The package serves as a wrapper for [tsfresh](https://github.com/blue-yonder/tsfresh), [tsfeatures](https://github.com/Nixtla/tsfeatures) and [holidays](https://github.com/dr-prodigy/python-holidays). Since we take care of the whole infrastructure, feature extraction becomes as easy as running a line in your python nootebooks or calling an API.
## Why?
We build FastTSFeatures because we wanted an easy and fast way to extract Time Series Features without having to think about infrastructure and deployment. Now we want to see if other Data Scientists find it useful too.
## Table of contents
- [FastTSFeatures](#fasttsfeatures)
* [Install](#install)
* [How to use](#how-to-use)
+ [Data Format](#data-format)
+ [1. Request free trial](#1-request-free-trial)
+ [2. Run `fasttsfeatures` on a private S3 Bucket](#2-run--fasttsfeatures--on-a-private-s3-bucket)
- [2.1 Upload to S3 from python](#21-upload-to-s3-from-python)
- [2.2 Run the features extraction process](#22-run-the-features-extraction-process)
- [2.3 Download your results from s3](#23-download-your-results-from-s3)
## Available Features (More than 600)
- 40+ Features: https://github.com/Nixtla/tsfeatures
- 600+ Temporal Features: https://github.com/blue-yonder/tsfresh/
- 10 Temporal Features (lags, mean lags, std_lags) [Currently just supported for daily data]
Calendar Features (distance in minutes to holidays)

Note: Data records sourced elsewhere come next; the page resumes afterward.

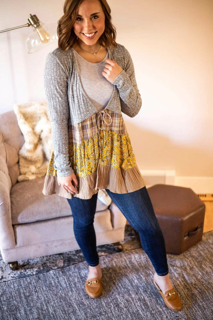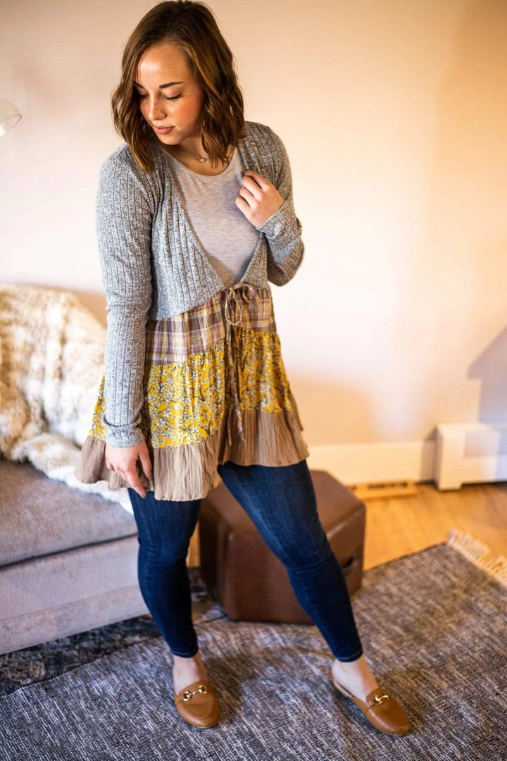 LLove Apparel Sensing A Pattern Front Tie Cardigan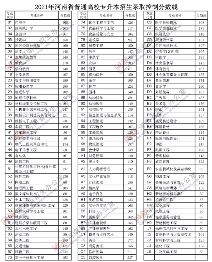 2021年河南省普通高校专升本招生录取控制分数线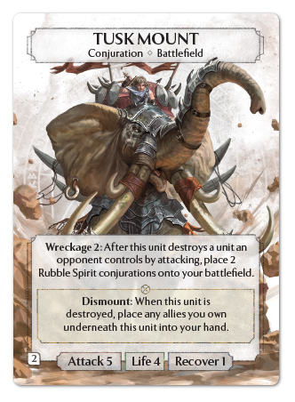 When you’ve deployed enough of your speedy allies to the battlefield, hop aboard the biggest Mount unit in Argaia, the Tusk Mount! This colossal creature lays waste on the battlefield, creating plenty of debris to be reanimated to further your goals.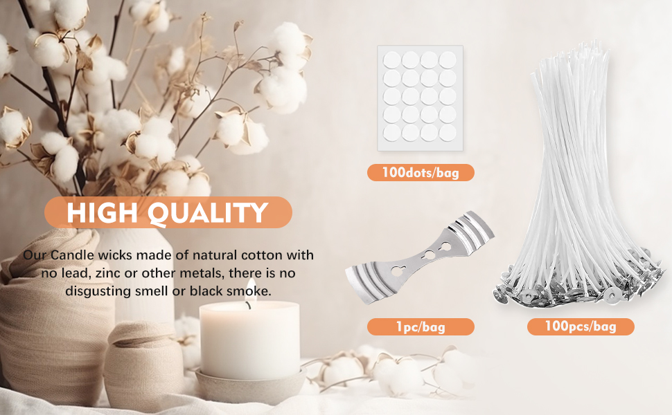 HIGH QUALITY: Our candle wicks made of natural cotton with no lead, zinc or other metals, there is no disgusting smell or black smoke. Wicks with coated in soy wax. Suitable for soy, beeswax, palm, coconut, paraffin, etc.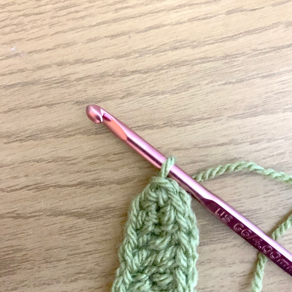 Next working down the reverse side of the chain complete htr(UK/hdc(US) into the same stitch. *sc into next stitch, htr(UK)/hdc(US) into next stitch. Repeat from * along row. complete an additional sc into the final stitch, then ss into 1st sc of the starting row.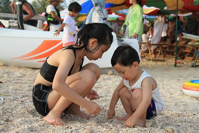 海岛旅行,最不能放过的自然是海滩,岛上有名字的海滩都罗列出来,让孩子们挑选,姐姐代表小猴子首选了贝壳沙滩,原因是他们认为那里一定能捡到很多的贝壳,当然,后来的结果证明了的确只是他们以为。不过孩子往往没有大人们那么要求高,只有有好玩儿的东西,他们可以忽略所有外在恶劣环境产生的不适感,比如接近四十度的户外高温和能让裸露皮肤脱皮的火辣辣的太阳光。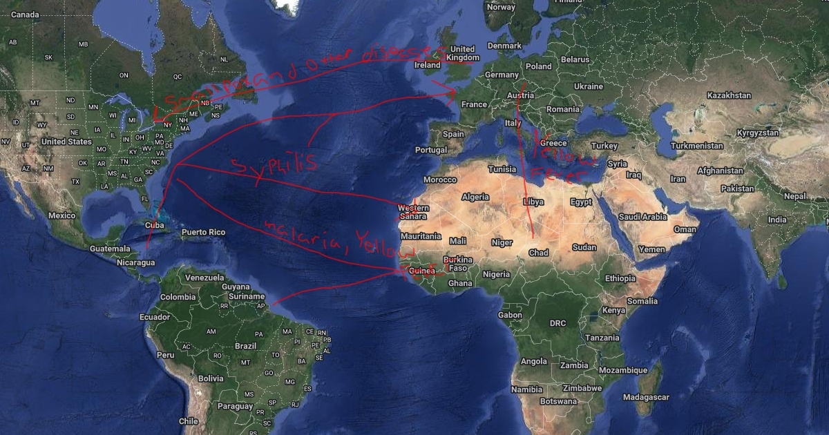 This is a map of the spread diseases during the columbian exchange

- Calendar features for 83 Countries https://github.com/dr-prodigy/python-holidays
## Install
`pip install fasttsfeatures`
## How to use
You can use FastTSFeatures by either using a completely public S3 bucket or by uploading a file to your own S3 bucket provided by us.
### Data Format
Currently we only support `.csv` files. These files must include at least 3 columns, with a unique_id (identifier of each time-series) a date stamp and a value.
### 1. Request free trial
Request a free trial sending an email to: fede.garza.ramirez@gmail.com and get your `BUCKET_NAME`, `API_ID` and `API_KEY`, `AWS_ACCESS_KEY_ID`, `AWS_SECRET_ACCESS_KEY`.
### 2. Run `fasttsfeatures` on a private S3 Bucket
If you don´t want other people to potentially have access to your data you can run `fasttsfeatures` on a private S3 Bucket. For that you have to upload your data to a private S3 Bucket that we will provide for you; you can do this inside of python.
#### 2.1 Upload to S3 from python
You will need the `AWS_ACCESS_KEY_ID` and `AWS_SECRET_ACCESS_KEY` that we provided.
- Import and Instantiate `TSFeatures` introducing your `BUCKET_NAME`, `API_ID` and `API_KEY`, `AWS_ACCESS_KEY_ID`, `AWS_SECRET_ACCESS_KEY`.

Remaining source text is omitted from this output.